I think this example also demonstrates the difference between a DTD and a
schema. The DTD mainly gives information related to markup parsing and
moving constants into a header (e.g. internal entities, FIXED and default
attribute values): in particular, for XML the information it gives is that
the type attribute should be interpreted as a list of tokens. The comment
allows interesting parts of the schema to be written down.

But there may always constraints such as "every person must have an official
name beginning with J and be sorted in alphabetical order" which are not
expressible by DTDs, and could only be expressed in a schema language which
has access to the DOM (e.g. using XLL) and can pattern match and can save
values: in other words, a fairly general purpose expression language.
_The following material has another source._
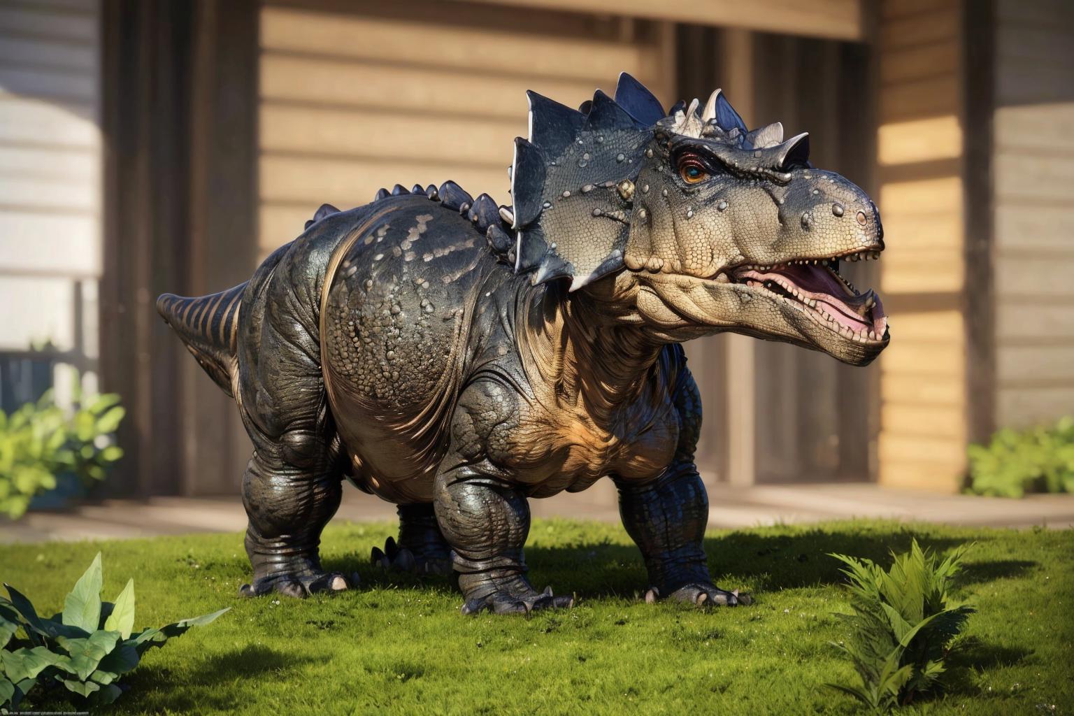 Use "dinosaur", "tricerasauruss" and can use 2 or 3 colors in the prompt to change the dinosaur.

In fact, I doubt that the idea of "a schema" for a document is the way to
go. It seems to me that every different use of a document might require some
schema optimized for that use. Data entry requires lexical validation schema
(e.g. to make sure a date is in a particular format). Text processing
requires another (e.g. that the document is valid against a DTD so that all
required elements are found and in the expected positions, or that the data
has been sorted). Data delivery might require another (e.g. that the
"html:alt" attribute value for an image is generated in the language of the
recipient, or that the bounding box of an image is not greater than the
column width it has to fit into).

Perhaps these can fit into "data typing", "document typing" and "publication
typing", where DCD, DTD and XSL can fit the bills. Too early to say.

Rick Jelliffe